* [THE DATA]:
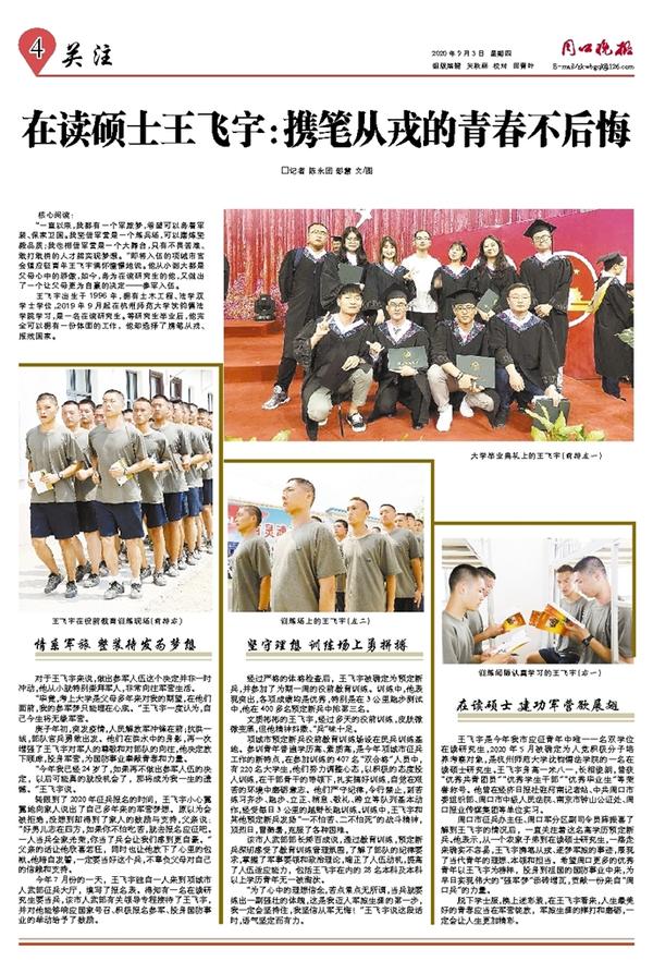 在读硕士王飞宇:携笔从戎的青春不后悔
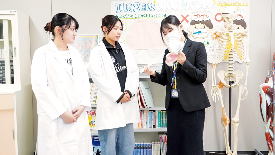 看護に加え教育の学びを活かして、特別支援学校で健診の補助や保健教育の実践を行います。教育現場に触れることで、子どもたちが健康に安全に楽しく学校生活を送るためにどうすればいいか、養護教諭または教員免許を有する看護師の価値観の醸成をめざします。
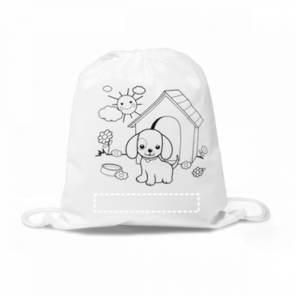 Non-woven drawstring bag (80 m/g²) with childrens drawing to colour. This product is supplied with 4 markers. Ideal set to offer to occupy kids. 300 x 350 mm
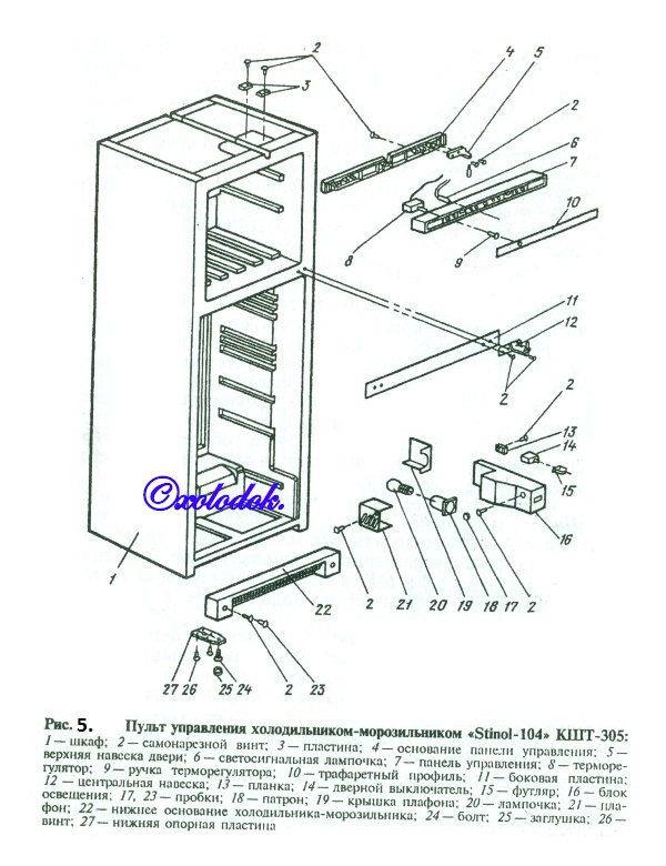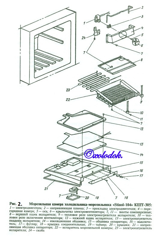 Под холодильной камерой находится выдвижная камера-контейнер для хранения овощей и фруктов, охлаждение которой осуществляется благодаря попаданию в нее холодного воздуха через отверстие в задней части холодильной камеры и эжекции его обратно в холодильную камеру через дефлектор, расположенный в нижней передней части холодильной камеры. Холодильник выполнен в виде прямоугольного теплоизолированного шкафа.Корпус холодильника состоит из наружного металлического панельного типа и внутреннего (из ударопрочного полистирола) шкафов. Пространство между шкафами заполнено теплоизоляцией — пенополиуретаном (ППУ), которая жестко соединяет между собой наружный и внутренний шкафы, превращая их в неразборный моноблок.Дверные панели также заполнены теплоизоляцией — пенополиуретаном.Передний проем шкафа закрывается тремя дверями. Плотное прилегание Дверей обеспечивается с помощью магнитных уплотнителей, закрепленных на внутренней панели дверей.Двери холодильной и морозильной камер представляют собой неразборные моноблоки, раздельная замена отдельных конструктивных элементов дверей (кроме съемных сервировочных принадлежностей) невозможна.Дверь контейнера для хранения овощей и фруктов, также «запененную» пенополиуретаном (ППУ), можно отделить от уплотнительной прокладки и самого контейнера.Охлаждение камер холодильника осуществляется холодильным агрегатом, выполненным по двух испарительной схеме (рис. 1,б.) аналогично холодильнику «Stinol-101».Испаритель холодильной камеры, выполненный из медной трубки, закреплен и запенен ППУ между задними стенками наружного и внутреннего шкафов. Такая конструкция делает его несъемным, однако химические особенности материала трубки испарителя — меди делают утечку из-за коррозии маловероятной.
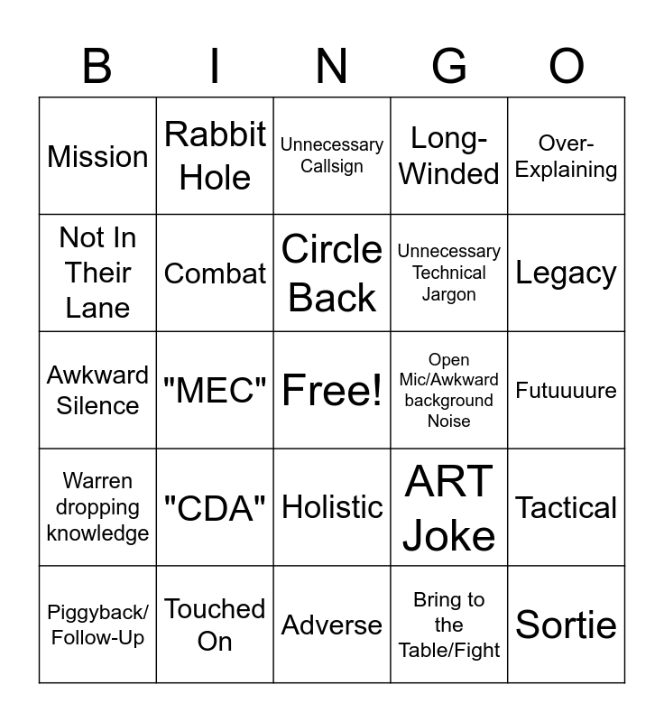 This bingo card has a free space and 24 words: "CDA", Touched On, Circle Back, Piggyback/ Follow-Up, Over-Explaining, Mission, Not In Their Lane, Rabbit Hole, Open Mic/Awkward background Noise, Holistic, Unnecessary Technical Jargon, Awkward Silence, ART Joke, Tactical, Combat, Bring to the Table/Fight, Futuuuure, Unnecessary Callsign, Legacy, "MEC", Sortie, Warren dropping knowledge, Long-Winded and Adverse.
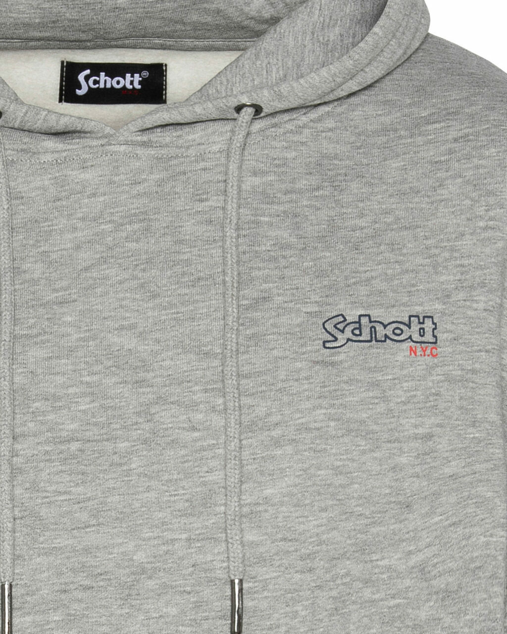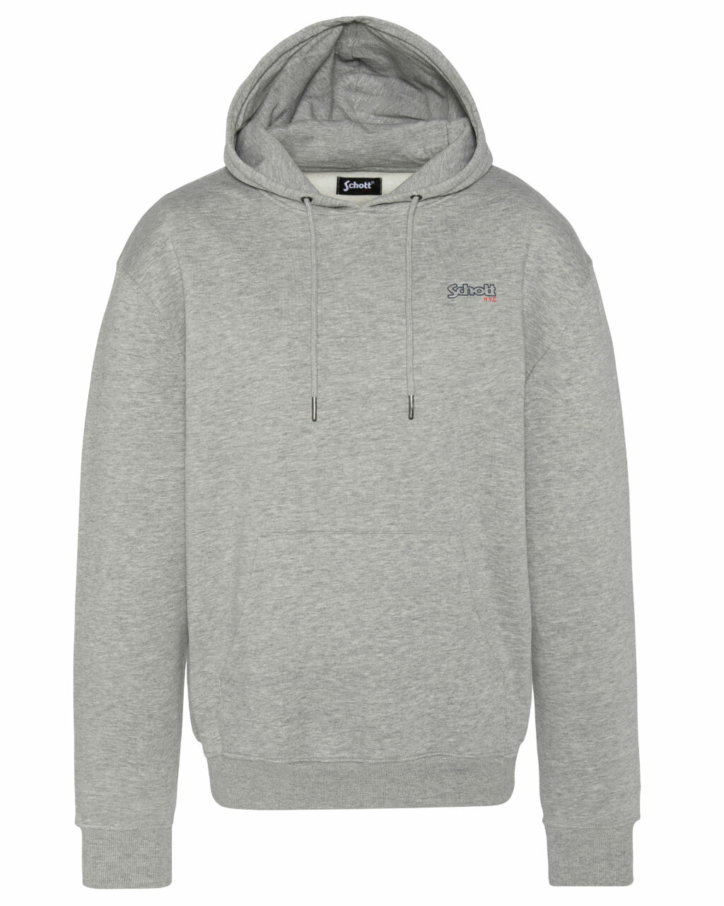Matière : 80 % coton, 20 % polyester. Coupe droite confortable. Capuche doublée avec cordon de serrage. Poche kangourou frontale. Finitions bord-côte aux poignets et à la base. Logo Schott NYC brodé sur la poitrine.
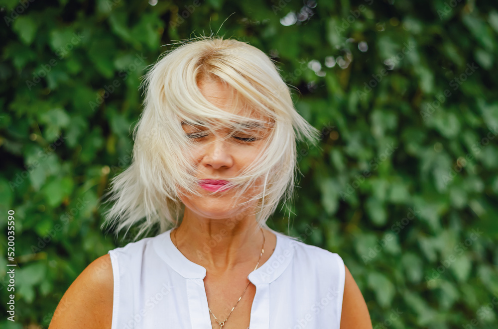 Portrait of a middle-aged woman against a background of green leaves. Success, antiaging
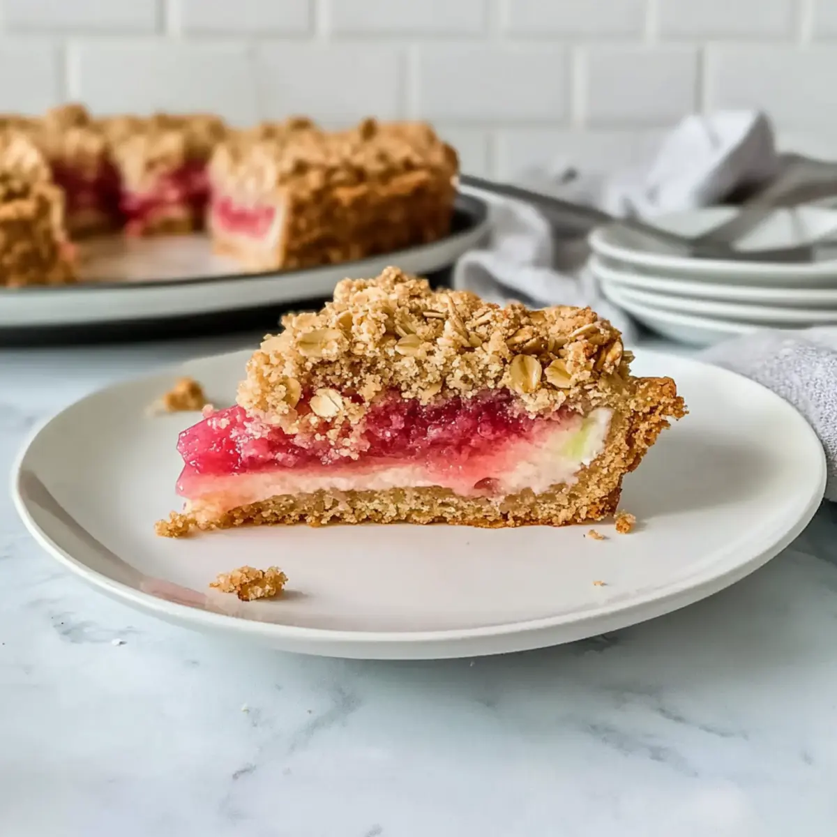 Satisfying texture: The crumbly oat crust adds a delightful crunch, making each bite a unique experience. You’ll love the way it contrasts with the soft, juicy rhubarb.
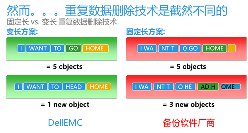 变长和定长去重技术是两大阵营的技术核心,每次我与客户交流,以下两张都是必备的幻灯页。
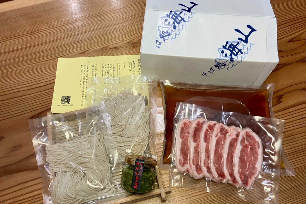 - そば160g×2、そば出汁750㏄×1、国産合鴨100g×1、柚子胡椒65g×1

* [EXERCISE OBJECTIVE]: Every line of the data above is to be repeated exactly; the images are to be left out.

* [ANSWER SECTION]:
 在读硕士王飞宇:携笔从戎的青春不后悔
 看護に加え教育の学びを活かして、特別支援学校で健診の補助や保健教育の実践を行います。教育現場に触れることで、子どもたちが健康に安全に楽しく学校生活を送るためにどうすればいいか、養護教諭または教員免許を有する看護師の価値観の醸成をめざします。
 Non-woven drawstring bag (80 m/g²) with childrens drawing to colour. This product is supplied with 4 markers. Ideal set to offer to occupy kids. 300 x 350 mm
 Под холодильной камерой находится выдвижная камера-контейнер для хранения овощей и фруктов, охлаждение которой осуществляется благодаря попаданию в нее холодного воздуха через отверстие в задней части холодильной камеры и эжекции его обратно в холодильную камеру через дефлектор, расположенный в нижней передней части холодильной камеры. Холодильник выполнен в виде прямоугольного теплоизолированного шкафа.Корпус холодильника состоит из наружного металлического панельного типа и внутреннего (из ударопрочного полистирола) шкафов. Пространство между шкафами заполнено теплоизоляцией — пенополиуретаном (ППУ), которая жестко соединяет между собой наружный и внутренний шкафы, превращая их в неразборный моноблок.Дверные панели также заполнены теплоизоляцией — пенополиуретаном.Передний проем шкафа закрывается тремя дверями. Плотное прилегание Дверей обеспечивается с помощью магнитных уплотнителей, закрепленных на внутренней панели дверей.Двери холодильной и морозильной камер представляют собой неразборные моноблоки, раздельная замена отдельных конструктивных элементов дверей (кроме съемных сервировочных принадлежностей) невозможна.Дверь контейнера для хранения овощей и фруктов, также «запененную» пенополиуретаном (ППУ), можно отделить от уплотнительной прокладки и самого контейнера.Охлаждение камер холодильника осуществляется холодильным агрегатом, выполненным по двух испарительной схеме (рис. 1,б.) аналогично холодильнику «Stinol-101».Испаритель холодильной камеры, выполненный из медной трубки, закреплен и запенен ППУ между задними стенками наружного и внутреннего шкафов. Такая конструкция делает его несъемным, однако химические особенности материала трубки испарителя — меди делают утечку из-за коррозии маловероятной.
 This bingo card has a free space and 24 words: "CDA", Touched On, Circle Back, Piggyback/ Follow-Up, Over-Explaining, Mission, Not In Their Lane, Rabbit Hole, Open Mic/Awkward background Noise, Holistic, Unnecessary Technical Jargon, Awkward Silence, ART Joke, Tactical, Combat, Bring to the Table/Fight, Futuuuure, Unnecessary Callsign, Legacy, "MEC", Sortie, Warren dropping knowledge, Long-Winded and Adverse.
Matière : 80 % coton, 20 % polyester. Coupe droite confortable. Capuche doublée avec cordon de serrage. Poche kangourou frontale. Finitions bord-côte aux poignets et à la base. Logo Schott NYC brodé sur la poitrine.
 Portrait of a middle-aged woman against a background of green leaves. Success, antiaging
 Satisfying texture: The crumbly oat crust adds a delightful crunch, making each bite a unique experience. You’ll love the way it contrasts with the soft, juicy rhubarb.
 变长和定长去重技术是两大阵营的技术核心,每次我与客户交流,以下两张都是必备的幻灯页。
 - そば160g×2、そば出汁750㏄×1、国産合鴨100g×1、柚子胡椒65g×1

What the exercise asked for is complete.